Data items
_ _ _ _

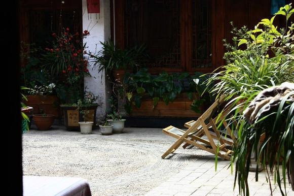在丽江,基本上每家客栈都有这样的院子,花草,椅子,阳光。。。
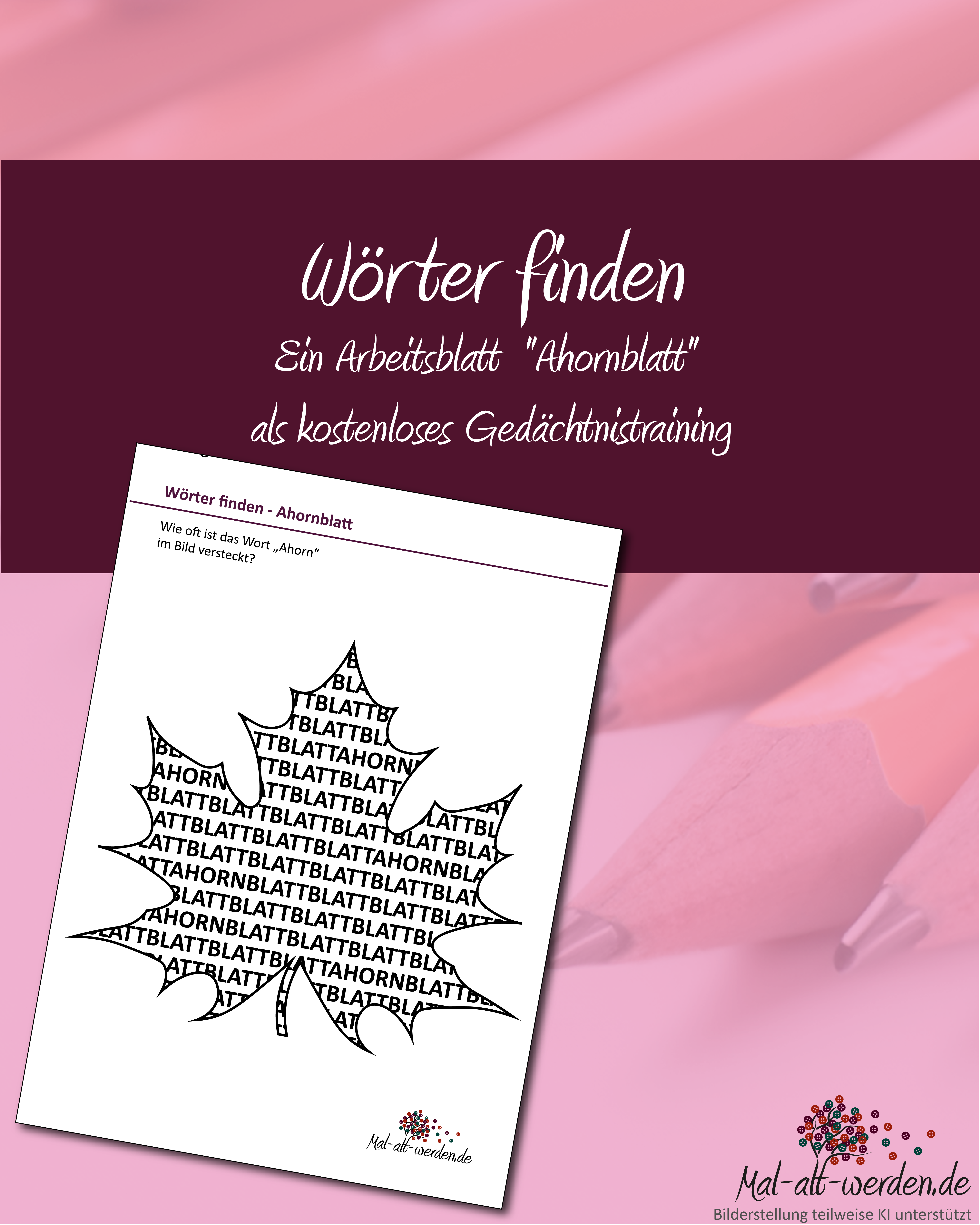In den Umrissen eines Ahornblatts steht immer wieder das Wort „Blatt“. Doch zwischen den Zeilen hat sich auch das Wort „Ahorn“ versteckt. Die Herausforderung: Alle „Ahorn“-Wörter ausfindig machen, umkreisen und zählen.
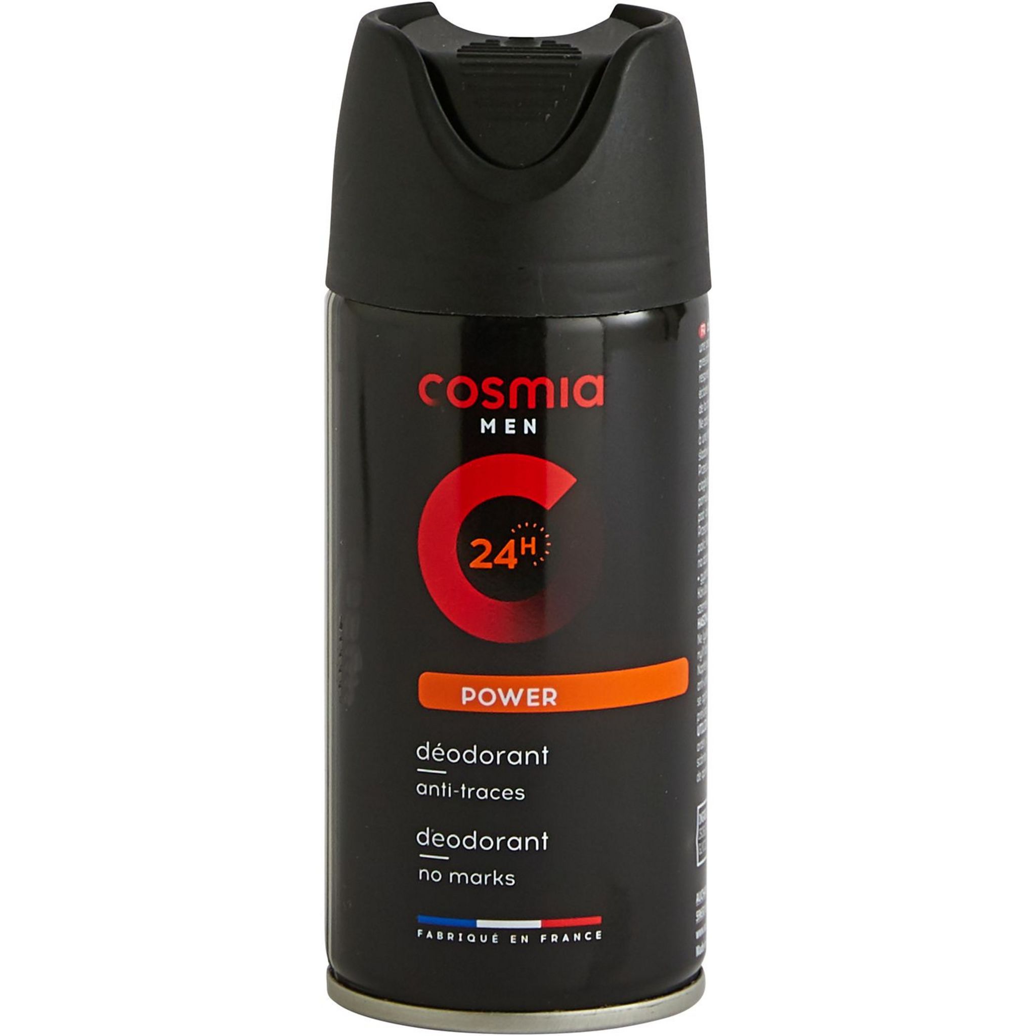 "Restez frais toute la journée avec ce déodorant spray Power Cosmia. Efficace pendant 24h, il combat les odeurs corporelles et accompagne chacun de vos mouvements d'un parfum masuculin et stimulant. Fabriqué en France CONSEILS D'UTILISATION : Ne pas utiliser sur une peau lésée, irritée ou épilée. Bien agiter avant emploi. Vaporiser à environ 20 cm des aisselles. Procéder par de brèves pulvérisations sans pulvérisation prolongée. Ne pas vaporiser vers les yeux. PRECAUTIONS D'EMPLOI : DANGER. Aérosol extrêmement inflammable. Récipient sous pression: peut éclater sous l'effet de la chaleur. Ne pas perforer, ni brûler, même après usage. Tenir hors de la porté des enfants. Tenir à l'écart de la chaleur, des surfaces chaudes, des étincelles, des flammes nues et de toute autre source d'inflammation. Ne pas fumer. Ne pas vaporiser sur une flamme nue ou sur toute autre source d'ignition. Protéger du rayonnement solaire. Ne pas exposer à une température supérieure à 50°C/122°F. Utiliser seulement dans un endroit bien ventilé. Ne pas respirer les vapeurs. "
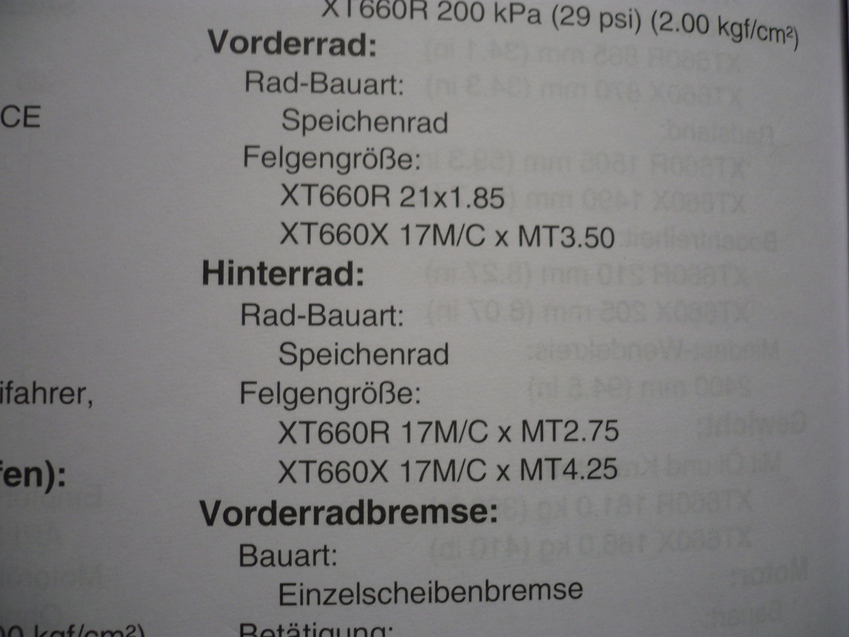 Nemohl by se mi někdo podívat do techničáku na to, jakou tam má XT660R zapsanou šířku zadního ráfku? Jde mi o rozměr MT .. Myslím, že by tam mělo být 2,5 .. ale raději bych to měl od někoho ověřenon ;)
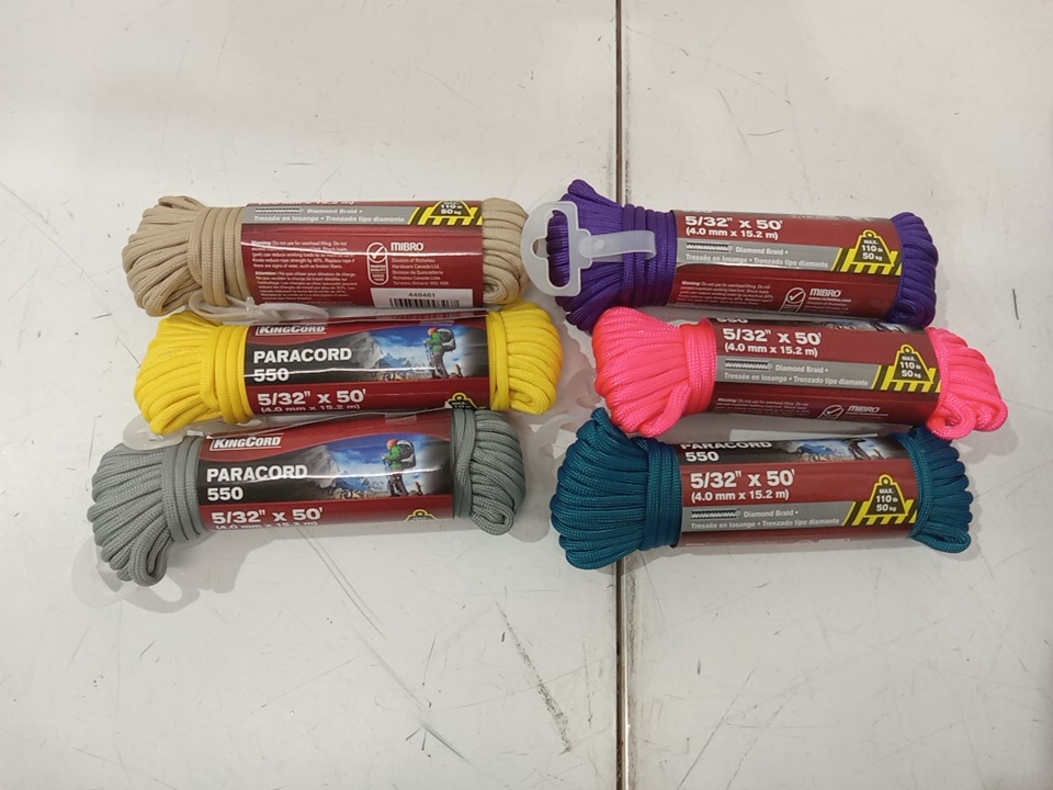 6 MIBRO KINGCORD Paracord 550 Diamond Braid Nylon Rope - 5/32" x 50FT - ASSORTED COLORS
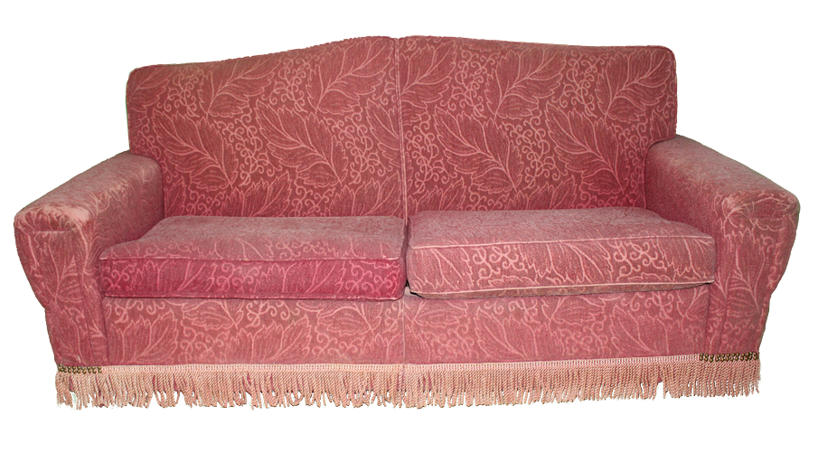 Dark pink sofa with raised leaf and swirl pattern and light pink fringe skirt.

_ _ _ _

_What you have to do_
In the copy, include exactly the lines from the one with "6 MIBRO KINGCORD" through the final line of the entries above, both ends counted, and no pictures.

_Exercise result_
 6 MIBRO KINGCORD Paracord 550 Diamond Braid Nylon Rope - 5/32" x 50FT - ASSORTED COLORS
 Dark pink sofa with raised leaf and swirl pattern and light pink fringe skirt.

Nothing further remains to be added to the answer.